Il y a de gros nuages gris, boursouflés comme la mère Katty, dans les azimuts. Le soleil s’est fait la paire et quelques gouttes de flotte commencent à s’écraser sur les trottoirs comme des fientes de pigeon.
Je marche un instant au petit bonheur, sans idée nette. Et puis, je me dis que le petit bonheur n’est pas l’arme de choc d’un policier. Alors je hèle un taxi et, avec une virtuosité qui vous ferait oublier votre râtelier dans le verre d’eau où vous le plongez chaque soir, j’explique au conducteur que je voudrais aller à Ealing, et je lui demande de me conduire à la gare de banlieue desservant cette honorable localité.
Il fait un signe affirmatif et se met à décarrer comme si un gars se mettait à gueuler au voleur et comme s’il avait sous le bras un sac à main de dame de provenance indéterminable.
Nous traçons à folle allure. Pour peu que le moteur soit fatigué et bouffe de l’huile, l’échappement doit tracer un sillage bleuté dans les streets.

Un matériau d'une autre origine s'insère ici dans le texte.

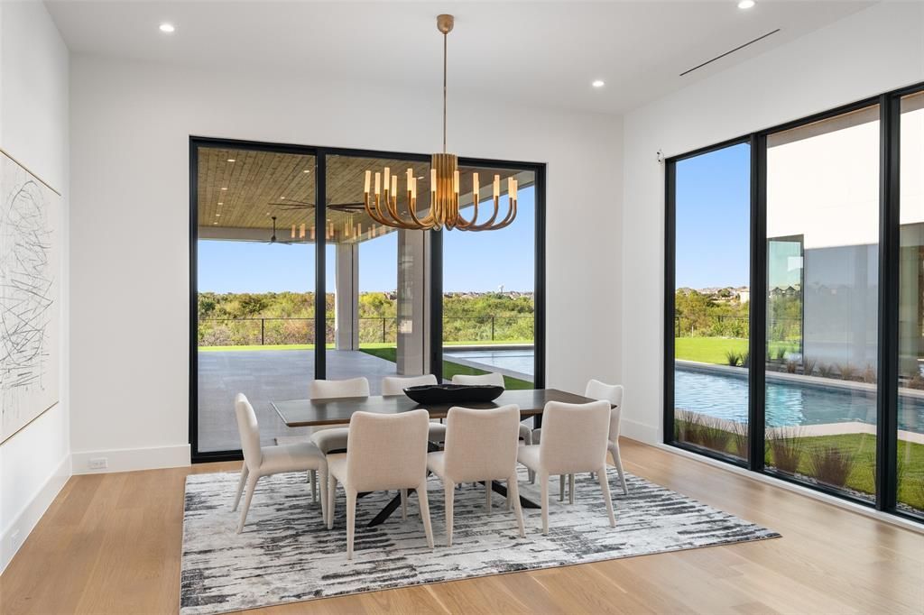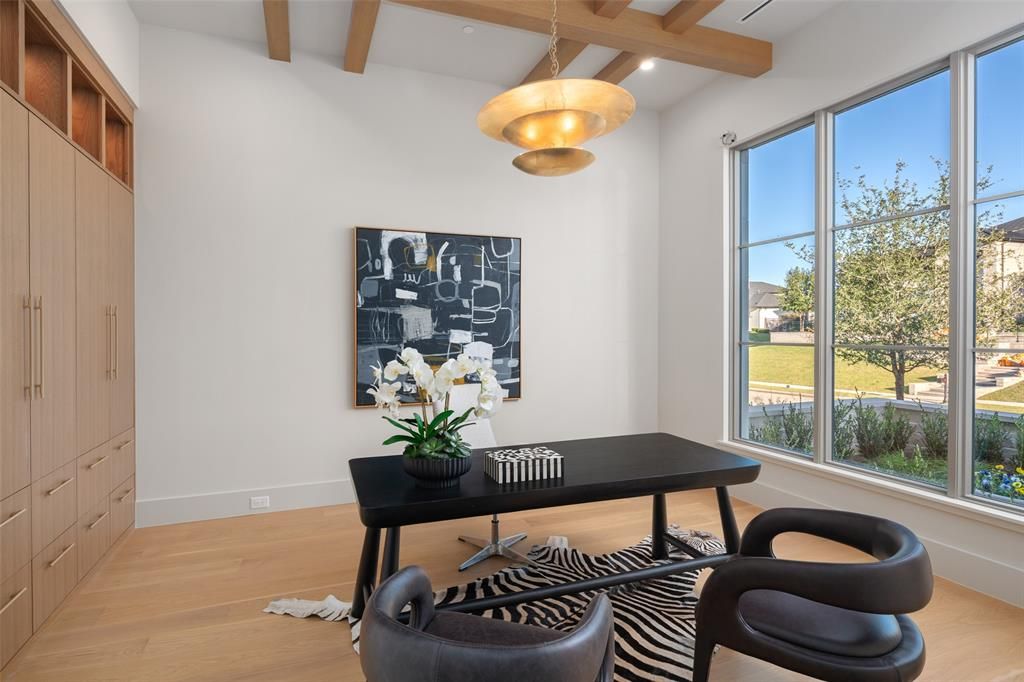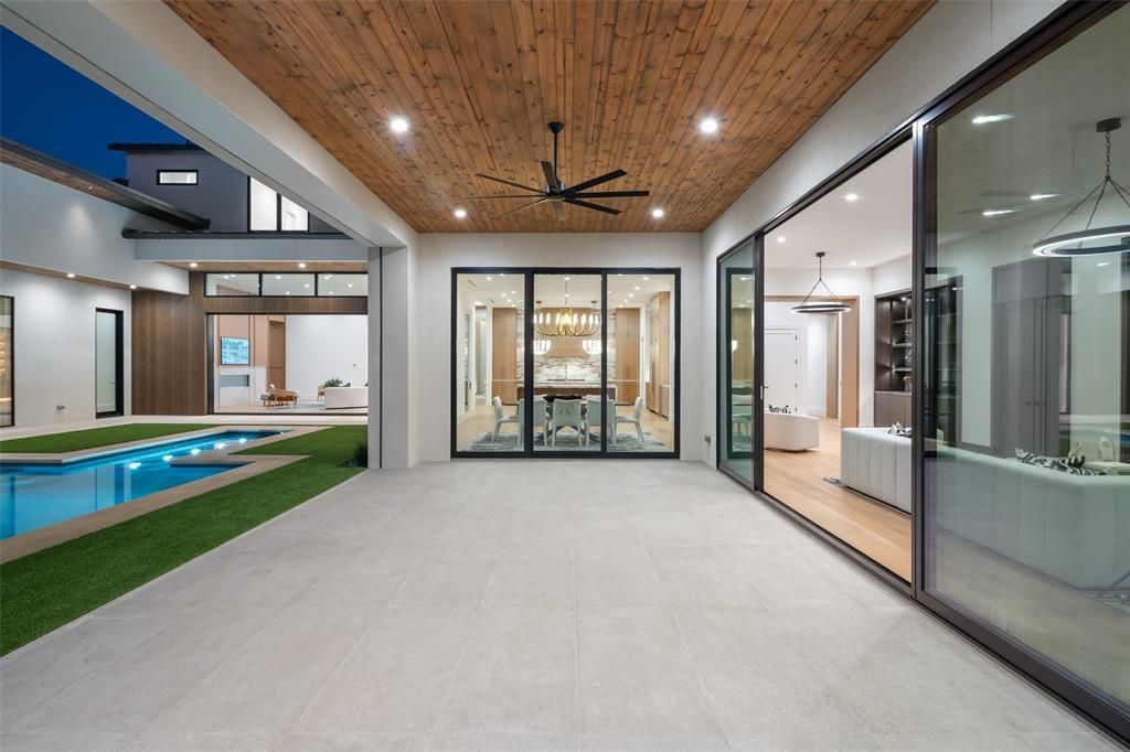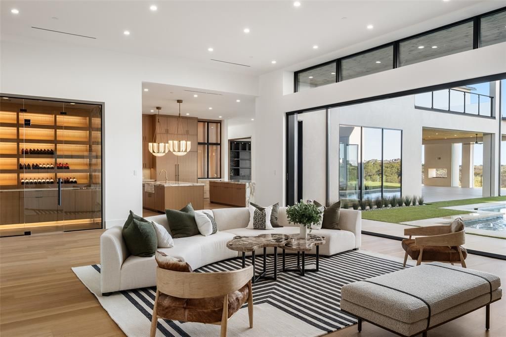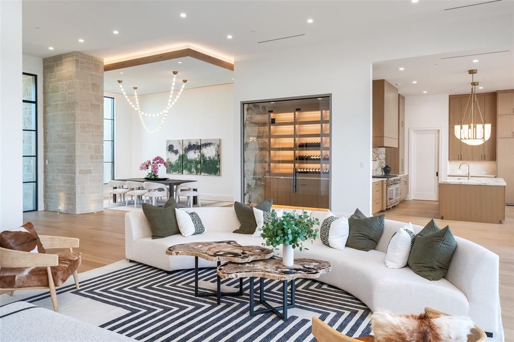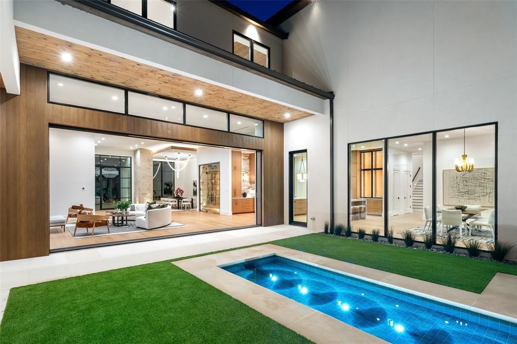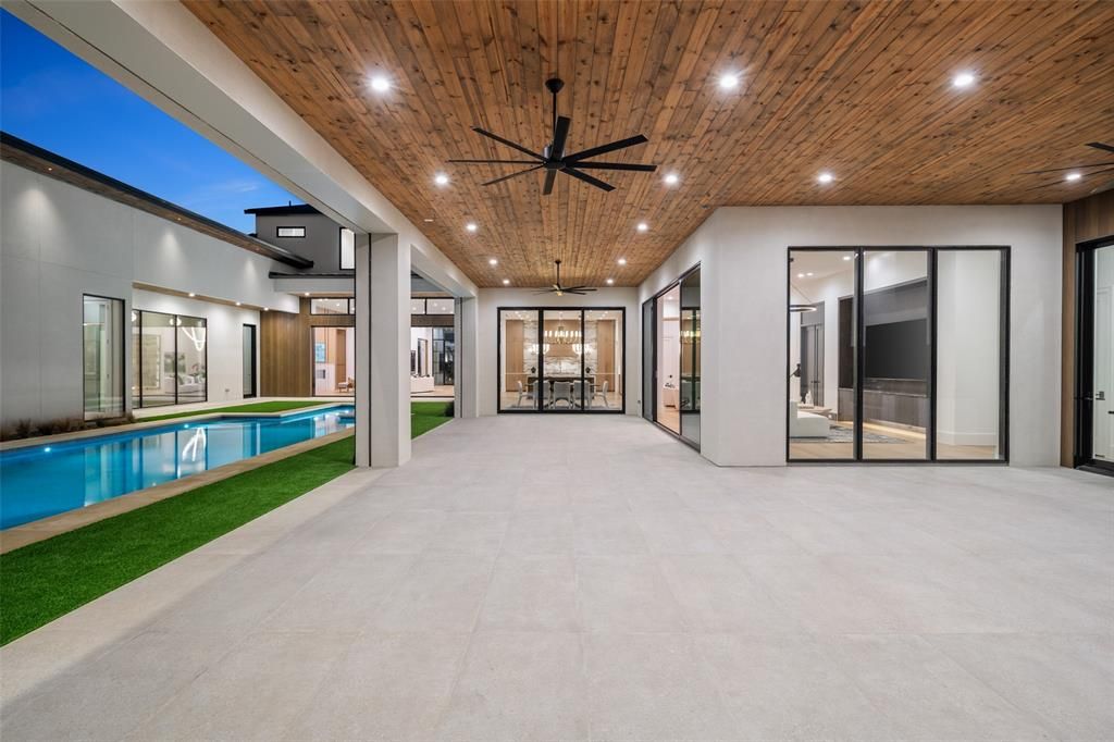 SPECTACULAR VIEWS greet you as you enter this warm, modern masterpiece. Situated on a private, elevated lot in the prestigious Hills of Kingswood "” a premier gated community in Frisco with 24-hour security "” this 9,906-square-foot home offers refined living with 6 bedrooms, 9 bathrooms, and 3 laundry rooms. A gated motor court offers additional privacy. Boasting panoramic views, this home blends elegance and innovation. The primary suite is a true retreat, featuring a spa-inspired bath with heated floors, a lavish soaking tub and expansive his and hers closet. Wellness is at your doorstep with an on-site workout center and rejuvenating steam shower. Designed for seamless entertaining, the residence boasts a dramatic 21-foot motorized pocketing slider opening to a spectacular 60-foot pool. The outdoor living experience continues with a fully equipped kitchen, fireplace, and multiple sitting areas. The backyard features premium artificial turf, tiered levels, and a private putting green. Upstairs, a balcony captures breathtaking views, providing the perfect backdrop for morning coffee or evening relaxation. Every detail of this one-of-a-kind home has been thoughtfully crafted for luxury living. This home is move in ready with construction scheduled for completion in October 2025.
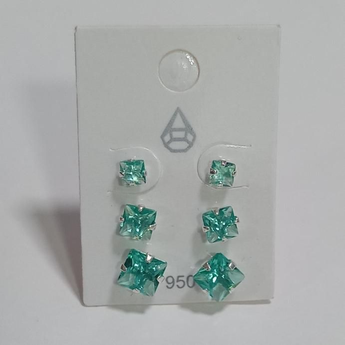 Trio Zircônia Quadrada Verde Água
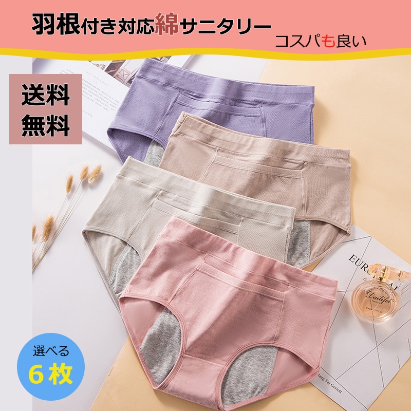 4枚セット サニタリーショーツ 綿ショーツ 敏感肌用可 ポケット付き カラー一つずつ レディース 下着 パンツ 生理用ショーツ サニタリーショーツ
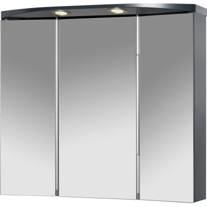 Der Badezimmerschrank verfügt über drei Spiegeltüren aus hochwertigem Kristallglas. Durch das angewinkelte Design entsteht ein 3D-Spiegeleffekt. Dank der zwei LED-Spots, die im Lieferumfang enthalten sind, werden die Spiegel jederzeit perfekt ausgeleuchtet. Zudem ist die Beleuchtung energiesparend. Der Jokey Spiegelschrank besitzt außerdem eine Schalter-Steckdosen-Kombination. Die innenliegenden Glaseinlegeböden können Sie nach Ihren Wünschen anbringen. So sind Ihre Badezimmerutensilien gut und ordentlich verstaut.
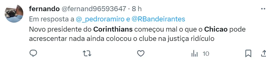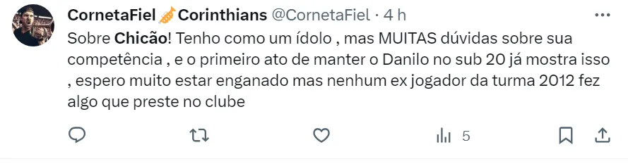 Em entrevista à Rádio Bandeirantes, Chicão detalhou o cargo que vai assumir na gestão de Augusto Melo. Segundo ele, a sua função será trabalhar na transição dos jogadores da base para o profissional.
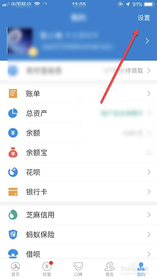 在我的界面,点击右上角设置,如图
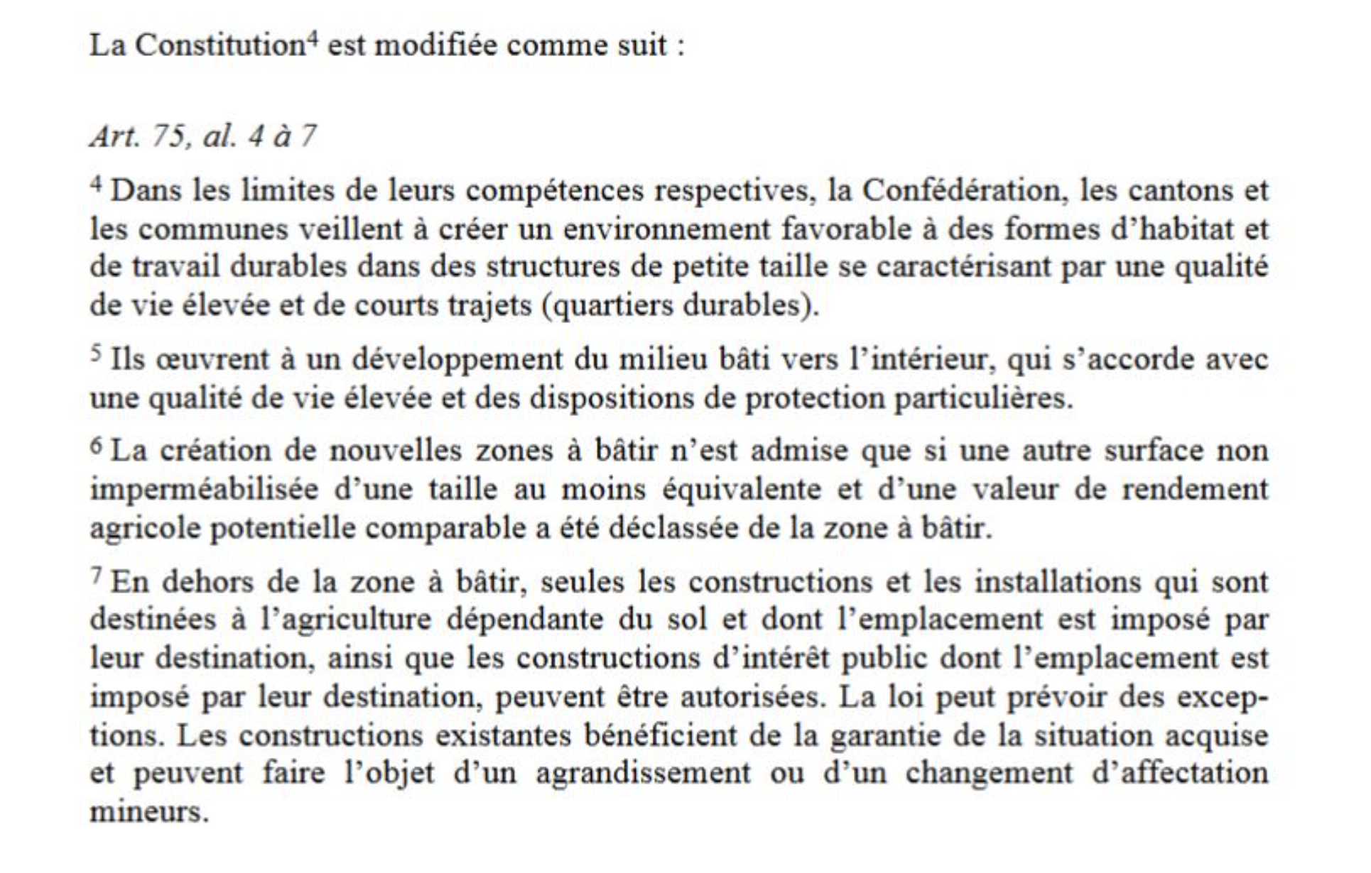 Vous l’aurez compris, aujourd’hui je vais vous parler du sujet des prochaines votations en Suisse du 10 février 2019 : L’initiative « Stop Mitage », lancée par les Jeunes Vert.e.s, qui propose que l’on modifie la Constitution de cette manière :

Le centre de London défile, puis les faubourgs ; et enfin c’est une demi-cambrousse. Je me dis enfin que j’ai eu tort de me prendre pour un fortiche. Le chauffeur a rien pigé à mes explications, ou plutôt il n’en a compris qu’une partie : Ealing. Au lieu de m’emmener à une gare il me trimballe directo dans la localité. Notez que le voyage est plus confortable dans son bahut, mais il est aussi plus onéreux. Heureusement que le boss m’a pourvu de pognon. Pas en quantité astronomique, mais enfin j’ai de quoi me voir venir, et même me voir partir. Et puis, la flotte qui tombe dru me fait apprécier le confort de cette voiture pompeuse et massive. Je passe un bras dans l’accoudoir comme le faisaient les rupins autour de 1920, car la tire date de cette époque si je ne me trompe pas. Et je me laisse véhiculer tel un petit lord.